◆ Task to complete ◆
With the pictures left out, reproduce exactly the lines running from the line with "Purple Wave is" to the last line of the material below.

◆ The data ◆
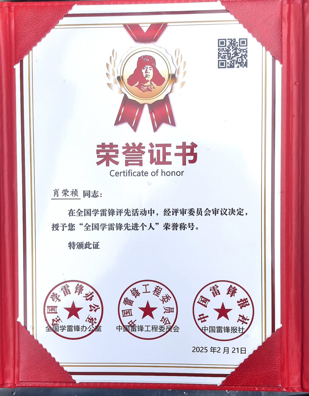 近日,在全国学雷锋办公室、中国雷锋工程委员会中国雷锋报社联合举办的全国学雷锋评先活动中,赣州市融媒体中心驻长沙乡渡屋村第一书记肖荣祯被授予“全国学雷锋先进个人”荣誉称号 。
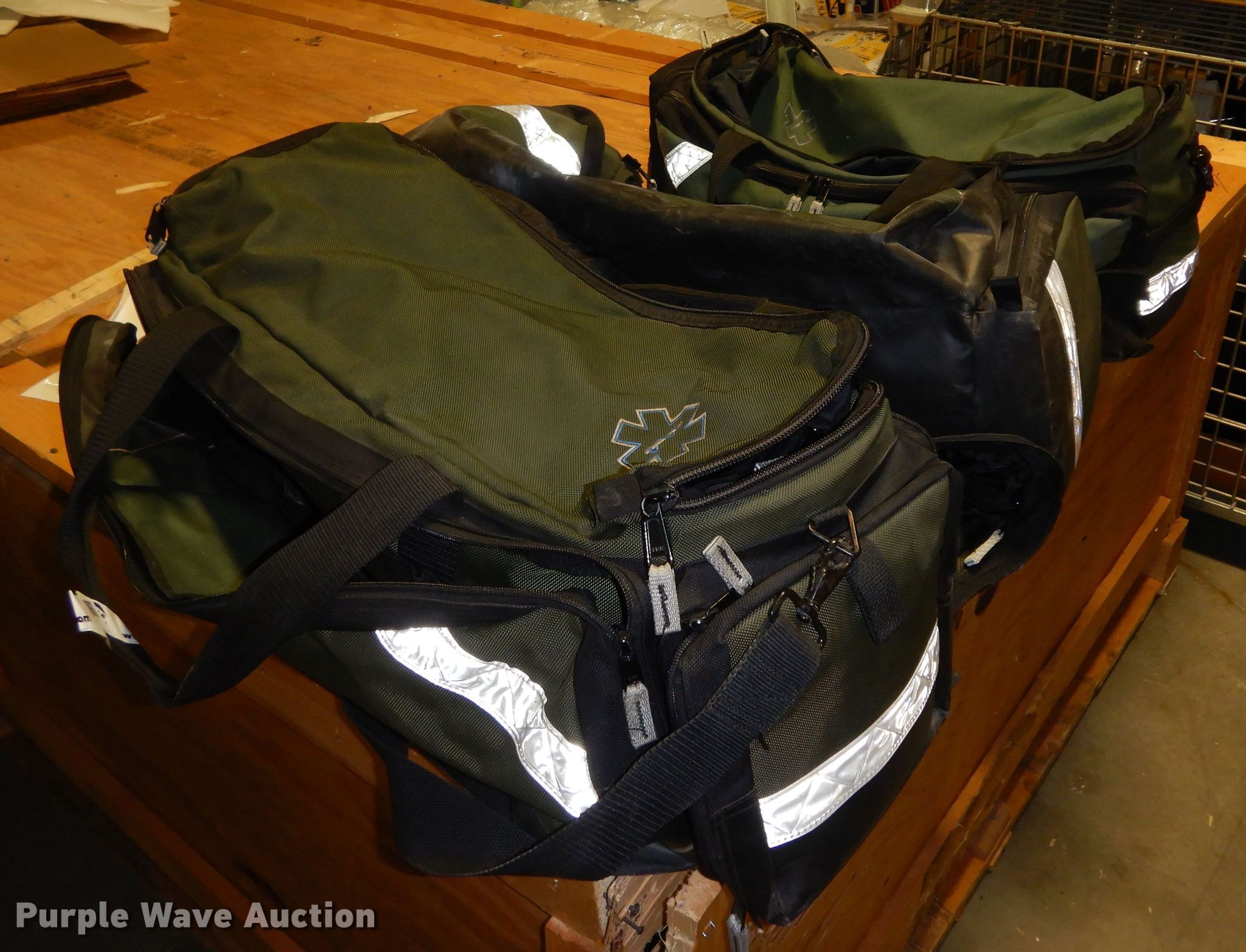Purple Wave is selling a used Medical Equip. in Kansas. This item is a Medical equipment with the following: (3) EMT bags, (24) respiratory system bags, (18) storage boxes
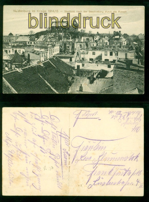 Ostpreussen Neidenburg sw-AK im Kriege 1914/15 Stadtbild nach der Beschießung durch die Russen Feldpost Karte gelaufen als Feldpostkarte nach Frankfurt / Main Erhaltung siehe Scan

◆ Written response ◆
Purple Wave is selling a used Medical Equip. in Kansas. This item is a Medical equipment with the following: (3) EMT bags, (24) respiratory system bags, (18) storage boxes
 Ostpreussen Neidenburg sw-AK im Kriege 1914/15 Stadtbild nach der Beschießung durch die Russen Feldpost Karte gelaufen als Feldpostkarte nach Frankfurt / Main Erhaltung siehe Scan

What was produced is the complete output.